Sentenza di Cassazione Penale Sez. 5 Num. 5143 Anno 2024
Penale Sent. Sez. 5   Num. 5143  Anno 2024
Presidente: COGNOME NOME COGNOME NOME
Relatore: COGNOME NOME
Data Udienza: 20/12/2023
SENTENZA
sul ricorso proposto da COGNOME NOME, nato a Napoli il DATA_NASCITA, avverso l’ordinanza n. 2491 del Tribunale di Napoli in data 12/09/2023; visti gli atti, il provvedimento impugnato e il ricorso; udita la relazione svolta dal consigliere NOME COGNOME; udito il Pubblico ministero, in persona del AVV_NOTAIO, che si è riportato alla requisitoria già depositata e ha chiesto la declaratoria di inammissibilità del ricorso; udito, per l’indagato, l’AVV_NOTAIO, che ha chiesto l’accoglimento del ricorso. 
RITENUTO IN FATTO
Con ordinanza n. 2491 in data 12 settembre 2023, il Tribunale di Napoli, in funzione di giudice del riesame, ha rigettato l’istanza di gravame proposta nell’interesse di NOME COGNOME avverso l’ordinanza in data 21 agosto 2023 con cui il Giudice per le indagini preliminari del Tribunale di Napoli gli aveva applicato la misura cautelare della custodia in carcere in relazione al delitto previsto dall’art. 416, commi primo e terzo, cod. pen., per essersi associato ad altri soggetti al fine di commettere una serie indeterminata di delitti contro il patrimonio e contro la pubblica fede (capo 1) e in relazione a sedici episodi di furto pluriaggravato e falso
(contestati ai capi 2, 3, 4, 6, 8, 9, 10, 12, 13, 14, 17, 19, 20, 22, 23 e 25). Secondo il Collegio partenopeo, il riesame, limitato al solo profilo cautelare, doveva essere respinto, essendo massime le esigenze cautelari in ragione sia delle capacità organizzative del gruppo (che si spostava sul territorio nazionale a bordo di furgoni per trasportare la merce rubata e aveva la disponibilità di depositi destinati per lo stoccaggio e di utenze intestate a stranieri), sia della commissione dei reati anche dopo i controlli di polizia giudiziaria e il sequestro di merce rubata in data 5 ottobre e 7 ottobre 2022. COGNOME, in particolare, aveva fatto dell’illecita attività la propri stabile fonte di sostentamento, continuando nelle attività illecite anche dopo che gli investigatori lo avevano individuato, sequestrando la merce e arrestando alcuni coindagati. Pertanto, il presidio carcerario è stato ritenuto l’unico idoneo a recidere i contatti con il contesto delinquenziale organizzato in cui egli era stabilmente inserito, posto che una misura meno afflittiva, come quella degli arresti domiciliari, non avrebbe garantito detta recisione in ragione dell’assenza di capacità di autocontrollo dell’indagato.

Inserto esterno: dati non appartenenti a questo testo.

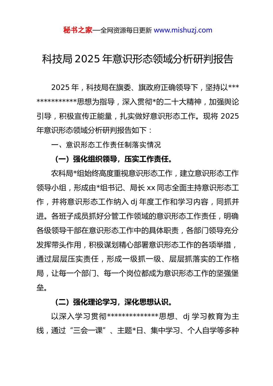 秘书之家—全网资源每日更新 www.mishuzj.com科技局 2025 年意识形态领域分析研判报告2025 年,科技局在旗委、旗政府正确领导下,坚持以**************思想为指导,深入贯彻*的二十大精神,加强舆论引导,积极宣传正能量,扎实做好意识形态工作。现将 2025年意识形态领域分析研判报告如下:一、意识形态工作责任制落实情况(一)强化组织领导,压实工作责任。农科局*组始终高度重视意识形态工作,建立意识形态工作领导小组,形成由*组书记、局长 xx 同志全面主持意识形态工作,并将意识形态工作纳入 dj 年度工作和学习内容,同抓并进。各班子成员抓好分管工作领域的意识形态工作责任,明确各级领导干部在意识形态工作中的具体职责,各部门领导充分发挥带头作用,积极谋划精心部署意识形态工作的各项举措,通过层层压实责任,形成一级抓一级、层层抓落实的工作格局,让每一个部门、每一个岗位都成为意识形态工作的坚强堡垒。(二)强化理论学习,深化思想认识。以深入学习贯彻**************思想、dj 学习教育为主线,通过“三会一课”、主题*日、集中学习、个人自学等多种秘书之家—全网资源每日更新 www.mishuzj.com形式,组织*员干部认真学习*的理论方针政策,不断提高*员干部的政治理论水平和思想认识。一是进一步落实“三会一课”制度,建立集中学习和个人自学的政治理论学习制度,开展好专题民主生活会和专题讨论,不断提高*员政治素质和理论水平,打牢意识形态政治基石,从严从实着力完善*员教育管理的长效机制。二是以“学习强国”app 为抓手,扎实推进“学习强国”平台的管理、学习工作,对学习不积极的*员及时进行督促,学员日人均积分 45 分以上。三是以*支部主题*日为契机,扎实开展 dj 学习教育,注重整体政治思想觉悟和意识形态的提高,把意识形态工作纳入学习内容,切实抓好全体*员思想教育和理论学习工作。从意识理念推进学习教育常态化制度化,强化*员干部意识形态思想建设。(三)注重舆论引导,营造良好氛围。充分利用“xx 左旗政务网”、“xx 左旗正能量”、“魅力 xx 左旗”等自媒体网站、微信公众号等宣传阵地,及时宣传*的路线方针政策及上级*委的决策部署和本单位的工作动态,积极传播正能量。加强对网络舆情的监测和应对,及时发现和处理负面舆情,维护网络意识形态安全。2025 年,共发布各秘书之家—全网资源每日更新 www.mishuzj.com类信息 125 条,处理网络舆情 0 起。(四)加强阵地建设,夯实工作基础。加强对本单位各类阵地的管理,明确专人负责,确保阵地安全。严格落实信息发布审核制度,规范信息发布流程,确保信息发布准确、及时、有效加强对*员干部的教育管理,引导*员干部自觉抵制不良思想和言论,坚决维护意识形态安全。同时,积极探索创新意识形态工作方式方法,结合本单位实际,开展具有特色的意识形态工作活动,提高意识形态工作的针对性和实效性。二、存在的主要问题和风险隐患及原因分析通过召开意识形态工作分析研判会议,对意识形态工作中存在的风险进行了分析研判,并对风险点进行逐一排查,主要存在以下几点问题和风险隐患:1.对意识形态工作的重要性认识不足。个别*员干部对意识形态工作的极端重要性认识不够深刻,存在重业务工作、轻意识形态工作的现象。2.意识形态工作方式方法不够创新。在开展意识形态工作中,存在方式方法单一、缺乏创新的问题,不能很好地适应新形势下意识形态工作的要求。3.意识形态工作宣传队伍建设存在短板,有待加强。意识秘书之家—全网资源每日更新 www.mishuzj.com形态工作队伍的整体素质和业务能力还有待提高。4.意识形态工作缺乏监督机制。目前对意识形态宣传队伍的监督机制不够完善,导致工作中存在不规范的现象。三、自查整改情况1、学习理论知识,通过系统学习马克思主义理论、哲学、社会学等相关知识,加深对意识形态的理论认识,包括其内涵、形成机制、作用等方面的内容。2、强化创新意识,全面推进意识形态领域工作。进一步解放思想,转变观念,牢固树立创新意识,把创新作为工作的灵魂,突破传统思维模式,创新思想、创新观念、创新内容、创新方法,本着“有所为,...

NOME COGNOME ha proposto ricorso per cassazione avverso il predetto provvedimento per mezzo del difensore di fiducia, AVV_NOTAIO, deducendo tre distinti motivi di impugnazione, di seguito enunciati nei limiti strettamente necessari per la motivazione ex art. 173 disp. att. cod. proc. pen.
2.1. Con il primo motivo, il ricorso lamenta, ai sensi dell’art. 606, comma 1, lett. e), cod. proc. pen., la mancanza, contraddittorietà e manifesta illogicità della motivazione in relazione alle esigenze cautelari previste dall’art. 274, comma 1, lett. c), cod. proc. pen.

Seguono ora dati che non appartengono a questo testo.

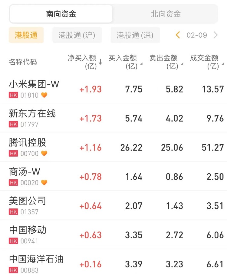 小米集团-W、新东方在线、腾讯控股分别获净买入1.93亿、1.73亿、1.16亿港元,小幅加仓商汤-W、美图公司、中国移动。

2.2. Con il secondo motivo, il ricorso censura, ex art. 606, comma 1, lett. b) ed e), cod. proc. pen., la inosservanza o erronea applicazione degli artt. 275, comma 3-bis e 272 cod. proc. pen., nonché la mancanza, contraddittorietà e manifesta illogicità della motivazione.

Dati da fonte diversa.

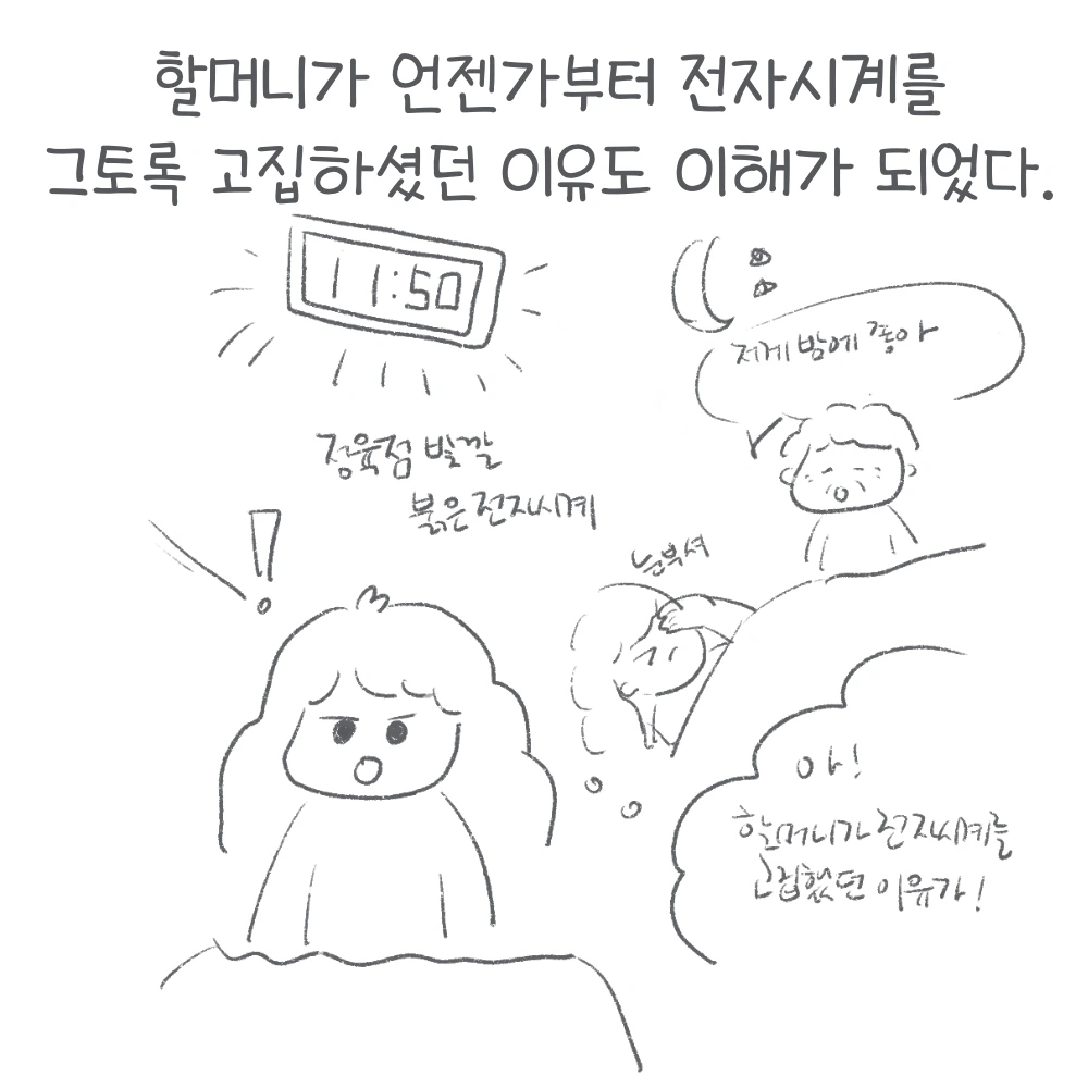 할머니의 소소한 비밀이 알려지자 할머니는 특유의 머쓱한 웃음을 지으셨다. 퍼즐이 맞춰지듯 떠오른 또 하나의 장면은 우리 집 방에 빨간 불빛이 강한 전자시계를 들여다 놓았던 일. 빨간 불빛이 방안을 정육점 빛깔로 만들며 수면을 방해했지만, 할머니는 이 불빛이 있어 새벽에 일어날 때 안 넘어질 수도 있다고 전자시계를 고수하셨었다. 돌이켜 생각해보면 사실 불빛은 핑계고, 우리가 없을 때도 시간을 확인하기 위해 전자시계가 꼭 필요하셨던 것 같다. 나중에 빛이 강하지 않은 작은 전자시계를 들여놓자 몇 번이고 마음에 드신다고 하셨던 것도 불빛 핑계를 대긴 하셨지만 실은 시간이 숫자로 표기되는 디지털시계가 필요했었던 거라는 방증이겠지.

2.3. Con il terzo motivo, il ricorso denuncia, ai sensi dell’art. 606, comma 1, lett. b) ed e), cod. proc. pen., la inosservanza o erronea applicazione dell’art. 275, comma 3, cod. proc. pen., nonché la mancanza, contraddittorietà e manifesta illogicità della motivazione in relazione alla sussistenza del pericolo di recidiva e all’adeguatezza della misura per inoperatività della doppia presunzione.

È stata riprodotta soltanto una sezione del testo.